Taking partial derivative of SSD, wrt the parameters $a, b$?

40 Views Asked by At

In the book titled: Analysis of Straight-line data, by Forman S. Acton; it is given on page #10:


The classical 'least squares' procedure is most commonly derived by forming an expression for the sum of the squared vertical deviations from a general line, then demanding that this expression be minimized wrt the parameters of the line. If our points $(x_i, y_i)$ are computed with a line:
$$Y_i = a + bx_i, (1)$$ then the sum of squared deviations are given by $$SSD = \sum_{i=1}^n (y_i - Y_i)^2 \equiv (y_i - a - bx_i)^2. (2)$$

We are to choose a, and b so that this expression is a minimum, which we accomplish by partially differentiating SSD wrt a, and to b, and equating each derivative separately to zero, thereby obtaining the so-called normal equations of the system:
$$an + b\sum x = \sum y\\ a\sum x + b\sum x^2 = \sum xy. (3)$$

(Summations are all over the data points unless explicitly indicated otherwise; thus $\sum xy $ means $\sum_{i=1}^n xy,$ etc.)
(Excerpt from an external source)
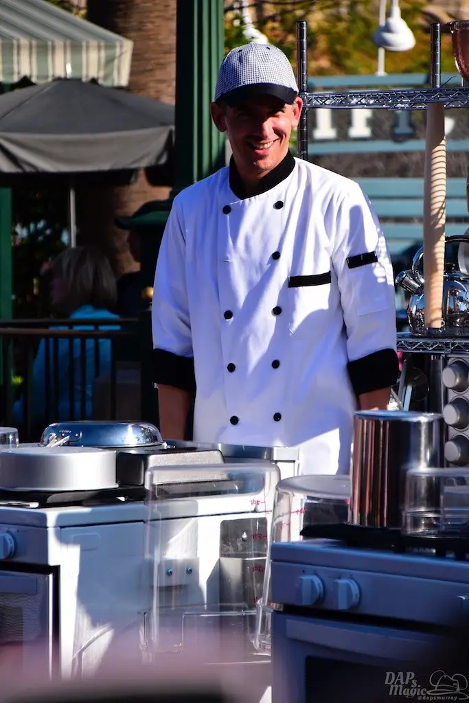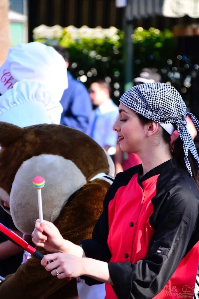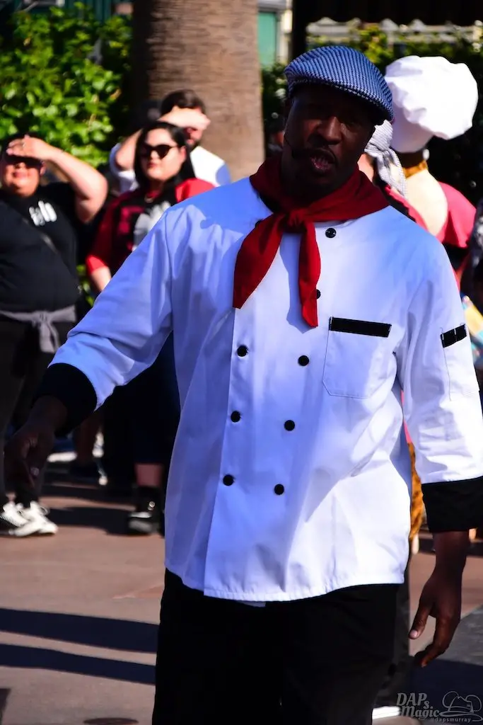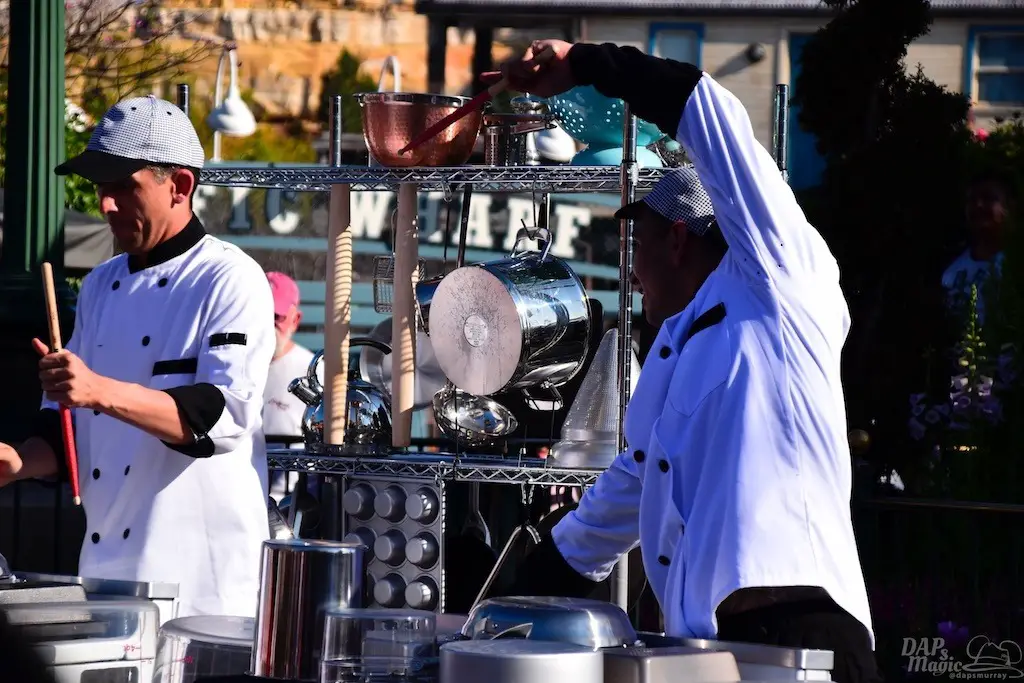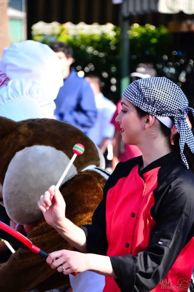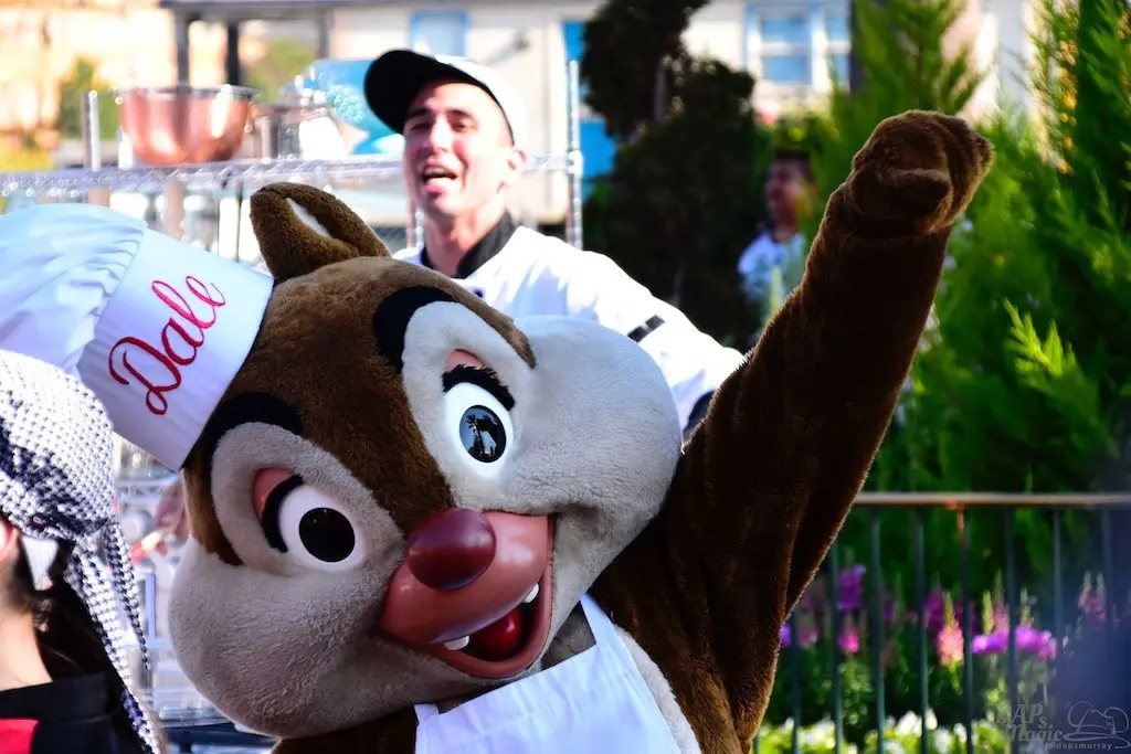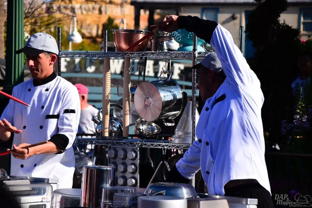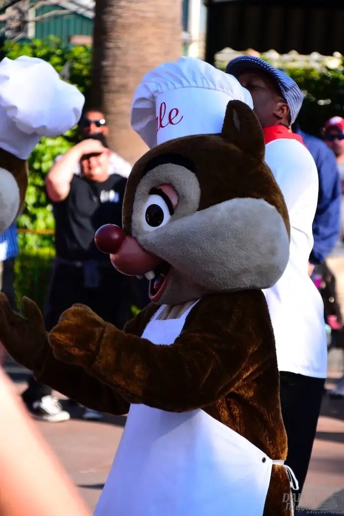 Both Spring and Food and Wine have sprung at the Disneyland Resort. So, this Sunday we did a tour of both. Of course we had to start with the Food and Wine Festival at Disney California Adventure. Besides food, there is a great assortment of entertainment offerings, including Jammin’ Chefs. This show has Chip and Dale joining an assortment of dancing and rhythmic chefs in song.

Equations (3) are a pair of simultaneous equations for the two fitted parameters a, b, so it seems as if there might be little to say about the procedure, except to point out that once a, and b have been found out, the minimal value of SSD may be computed most expediently from the equation $$SSD = \sum y^2 -a\sum y - b\sum {xy}, (4)$$ which follows from (2), and (3) using some algebra.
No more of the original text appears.